Database Selection: Matching Workload to Service
AWS database selection is the most tested concept. Relational (RDS/Aurora): structured data with complex queries, ACID transactions, foreign keys. Aurora: MySQL and PostgreSQL-compatible, up to 5x faster than standard MySQL — Aurora Serverless v2 scales capacity instantly, Aurora Global Database spans multiple regions with sub-second replication lag, Aurora Multi-Master for multiple write nodes. Use Aurora for new workloads; RDS for lift-and-shift compatibility requirements. Key-value (DynamoDB): single-digit millisecond latency, unlimited scale, schemaless — use for session stores, user profiles, IoT data, gaming leaderboards. Document (DocumentDB): MongoDB-compatible managed service — for existing MongoDB workloads migrating to AWS. Wide-column (Keyspaces): Apache Cassandra-compatible — for Cassandra workloads needing fully managed scale. In-memory (ElastiCache): Redis (rich data structures, persistence, pub/sub, Lua scripting, Cluster mode for horizontal scale) or Memcached (simpler, multi-thread, pure caching). Graph (Neptune): property graph (Gremlin API) and RDF (SPARQL API) — knowledge graphs, fraud detection, social networks. Time-series (Timestream): built-in time-series functions, magnetic/memory store tiers, automatic expiry. Ledger (QLDB): cryptographically verifiable journal of all data changes — finance, supply chain audit trails.
RDS and Aurora Deep Dive
RDS operational knowledge for the specialty. Multi-AZ: synchronous standby replica for automatic failover (1-2 minute RTO), standby is not readable in standard Multi-AZ — use Multi-AZ DB Cluster (two readable standbys, better RTO). Read Replicas: asynchronous replication, readable, up to 15 for Aurora, 5 for RDS — promote to standalone for DR. Aurora storage: distributed across 6 storage nodes in 3 AZs (2 copies per AZ) — no standby needed for storage durability, automatically grows in 10 GB increments up to 128 TB. Aurora backtrack: rewind the database to a previous point in time without restoring from backup — seconds resolution, very fast — only for Aurora MySQL. Parameter groups: engine-specific configuration — DB Parameter Group (instance-level), Cluster Parameter Group (cluster-wide for Aurora). Option groups: RDS-specific extensions (Oracle options, MSSQL features). Performance Insights: visualise database load — DB Load metric shows average active sessions, slice by wait event/SQL/user/host to identify bottlenecks. Enhanced Monitoring: OS-level metrics (CPU, memory, I/O) at 1-60 second granularity.

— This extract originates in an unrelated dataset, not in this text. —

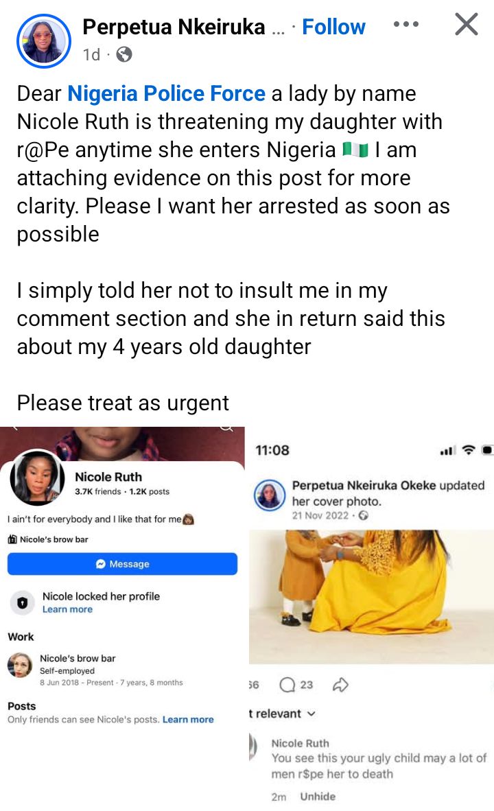 A Nigerian lady, Perpetua Nkeiruka Okeke, has exposed one Nicole Ruth, who allegedly commented on her daughter's photo calling the child ug*l and wishing men will r@p3 her. According to Perpetua, it all stared after she told the lady to quit insulting her in her comment section. "Good morning ladies and gentlemen. I am not one to go looking for peoples trouble. But this girl here @Nicole Ruth is wishing that men will grape my daughter just because I told her not to insult me in my comment section. Please anyone with a useful information about her should DM, she need to be behind bars ASAP," she wrote in a Facebook post on Sunday, February 15, 2026. I dont joke with my daughter and no idiot is allowed to say rubbish to her and walk away Scot free. Please if you know anything about her, send me a DM! People need to be thought a serious lesson on this facebook. Its everyone you play with on this space.

DynamoDB Advanced: Design Patterns and Global Tables
DynamoDB specialty depth. Access pattern design: define ALL access patterns before designing the table — single-table design collapses multiple entity types into one table using generic attribute names (PK, SK) and attribute overloading (GSI keys serve different entities). Adjacency list pattern: model many-to-many relationships with inverted GSI — row item (PK=OrderId, SK=ITEM#ItemId) and inverted GSI (PK=ItemId, SK=OrderId). Sparse GSI: only items where the indexed attribute exists appear in the GSI — efficient for rare attributes (only suspended accounts have a SuspendedDate attribute). Transactions: TransactWriteItems (up to 100 items, all-or-nothing write — financial operations, inventory deduction) and TransactGetItems (consistent multi-item read). Global Tables: multi-region active-active replication with last-writer-wins conflict resolution — automatic failover for reads and writes to healthy regions. DynamoDB Streams + Lambda: event-driven processing on item changes — search indexing (write to OpenSearch on DynamoDB change), cache invalidation, cross-service event propagation. Capacity planning: on-demand mode for spiky unknown traffic, provisioned + Auto Scaling for predictable steady-state (significantly cheaper at high volume).
Database Migration Service (DMS) and Schema Conversion
Migration is a major DBS-C01 domain. AWS DMS: heterogeneous and homogeneous database migrations — source endpoint, target endpoint, replication instance (sizing determines throughput). Full load: bulk initial migration. Change Data Capture (CDC): ongoing replication after full load using source database logs (binlog for MySQL, WAL for PostgreSQL, LogMiner for Oracle). Full load + CDC: zero-downtime migration — full load while source continues receiving writes, CDC catches up, cutover when replication lag approaches zero. Schema Conversion Tool (SCT): converts schema and application code for heterogeneous migrations (Oracle to Aurora PostgreSQL, SQL Server to Aurora MySQL) — assessment report identifies conversion complexity and manual conversion effort. DMS data validation: compare source and target row counts and checksums — detects migration errors. DMS Fleet Advisor: analyses on-premises database inventory and recommends migration targets based on schema complexity and workload characteristics.